I was not personally affected by the bombings in the sense that I was nowhere near them when they went off and I know nobody who was directly involved. I am not someone who reacts to external events with great emotion and my life is much as it ever was. But, and this is rather a large but, my mental landscape was empty – like a ghost town in an old western, where the only movement is a tumbleweed blowing down the street. I had a constant sense of eerie quietness.
Thursday itself was very strange. I only knew something was wrong when colleagues phoned-in saying that they were having difficulty getting into work because the whole underground network was closed down because of power surges or a security alert. The rest of the day was spent trying to get work done with fewer people whilst constantly checking on the Internet to see more news. There was a horrible obsessiveness about reading the same things again and again to see if there was any more information. I finished about 7pm and ran to Euston (4 miles)to catch my train home. It was a most unpleasant run, where everything felt wrong. I felt wrong and the city was all wrong - theatres, bars and restaurants were closed and even Covent Garden was subdued. But I did not feel the emptiness until I got to the Euston Road. It was closed to all traffic - so still, so quiet.
It was then that I remembered the Potters Bar rail crash. On that day I had been at a meeting in an office block in the concourse of Potters Bar station. Our party was breaking for lunch, just walking down the stairs, when we heard the crump of the crash.
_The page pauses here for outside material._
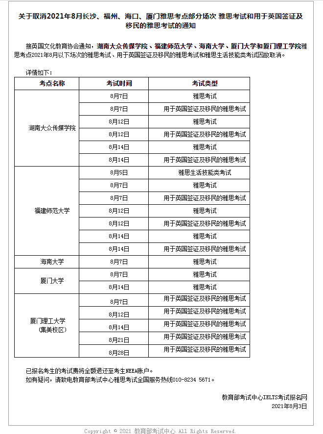 接英国文化教育协会通知,湖南大众传媒学院、福建师范大学、海南大学、厦门大学和厦门理工学院雅思考点2021年8月以下场次的雅思考试、用于英国签证及移民的雅思考试和雅思生活技能类考试因故取消。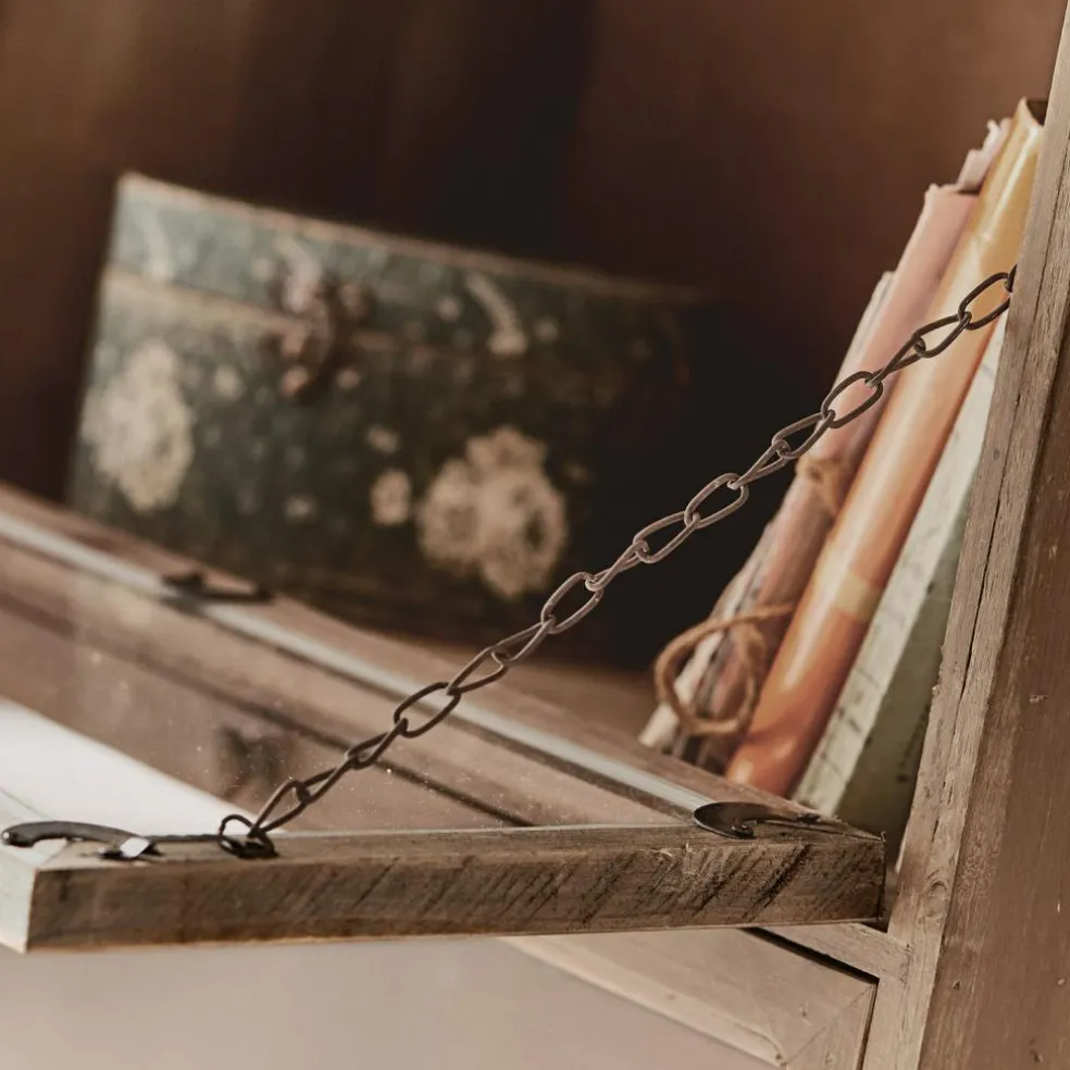 Les cinq compartiments vitrés permettent d’exposer vos beaux objets. Vos précieux livres et pièces de collection seront ainsi rangés à l’abri de la poussière. Dans la cuisine, cette commode est également très pratique pour ranger des bocaux, de jolis verres ou de la belle vaisselle. En sapin massif à la finition ancienne.

We ran to the station and were amongst the first people there - trying in some way to help and not really knowing what to do.
When I think of what happened I don’t really remember what I saw: the broken bodies on the track, looking like puppets whose strings had been cut, or the way the carriage was wedged under the platform roof at a crazy angle. Instead I feel the stillness. Everything was quiet, disconnected and empty – and that is what I still feel inside myself. On thursday it all came back.
After that I did not want to write about running but I did want to run. So on Sunday I went back to my canal and my base run. It was leafy, beautiful and peaceful and, although it was a bit too hot and I suffered more than usual, at the end I was uplifted. My spirits were restored.
Now once again I want to write about running. The whole point of this blog is to try to record those moments when the simple act of putting one foot in front of another for a longish period of time can transform the way you feel. Make you once again feel connected. It is what I am trying to express.